- **DATA SUPPLIED**
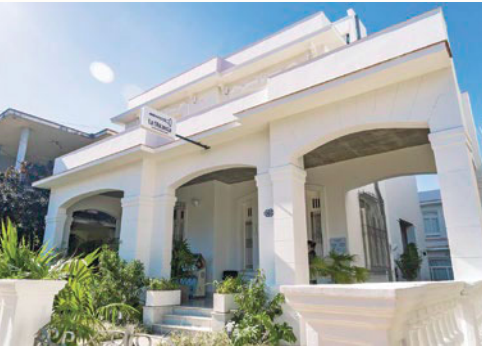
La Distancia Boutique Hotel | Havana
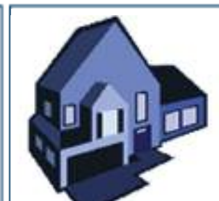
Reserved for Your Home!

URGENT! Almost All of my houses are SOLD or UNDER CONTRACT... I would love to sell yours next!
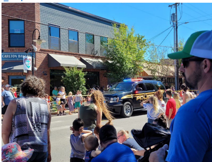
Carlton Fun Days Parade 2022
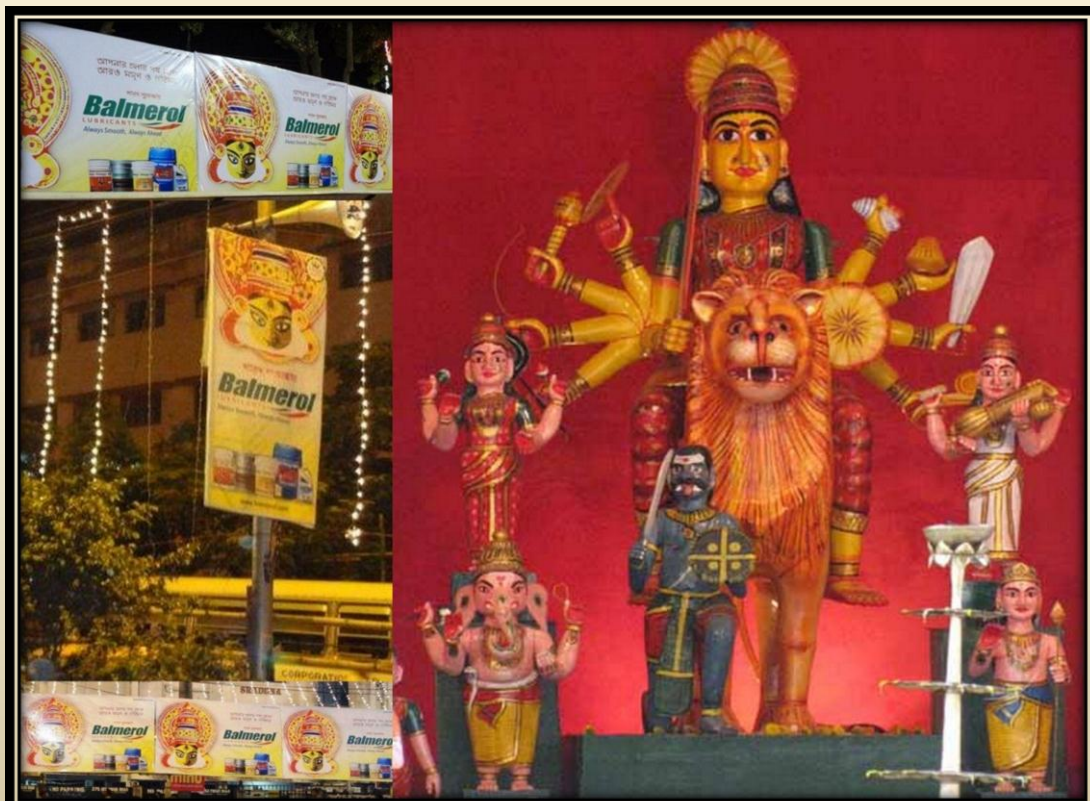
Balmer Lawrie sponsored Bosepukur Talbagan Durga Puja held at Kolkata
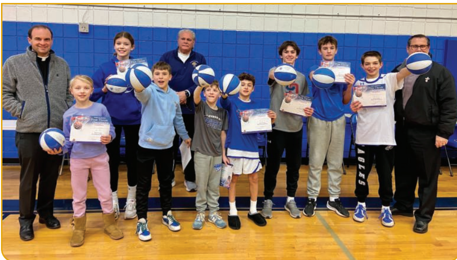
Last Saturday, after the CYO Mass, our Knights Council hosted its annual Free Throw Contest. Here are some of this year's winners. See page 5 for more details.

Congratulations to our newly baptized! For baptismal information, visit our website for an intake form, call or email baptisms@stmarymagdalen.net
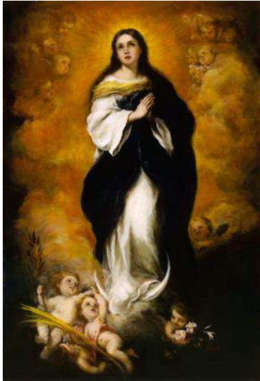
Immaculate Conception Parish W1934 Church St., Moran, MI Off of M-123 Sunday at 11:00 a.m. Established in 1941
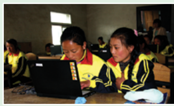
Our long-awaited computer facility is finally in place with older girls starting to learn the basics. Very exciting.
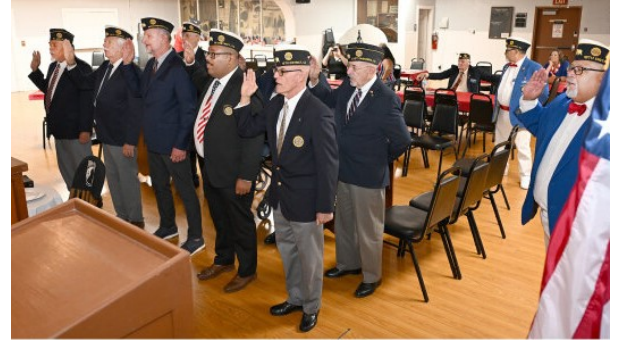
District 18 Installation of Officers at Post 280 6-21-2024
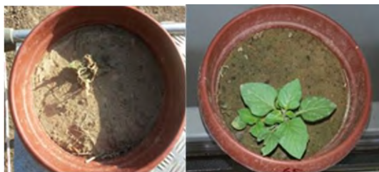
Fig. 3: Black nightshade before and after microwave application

- **TRY IT**
Once the line containing "Our long-awaited computer" is found in the records above, it and every line after it up to the last must be repeated exactly, without pictures.

- **REPLY**
Our long-awaited computer facility is finally in place with older girls starting to learn the basics. Very exciting.
District 18 Installation of Officers at Post 280 6-21-2024
Fig. 3: Black nightshade before and after microwave application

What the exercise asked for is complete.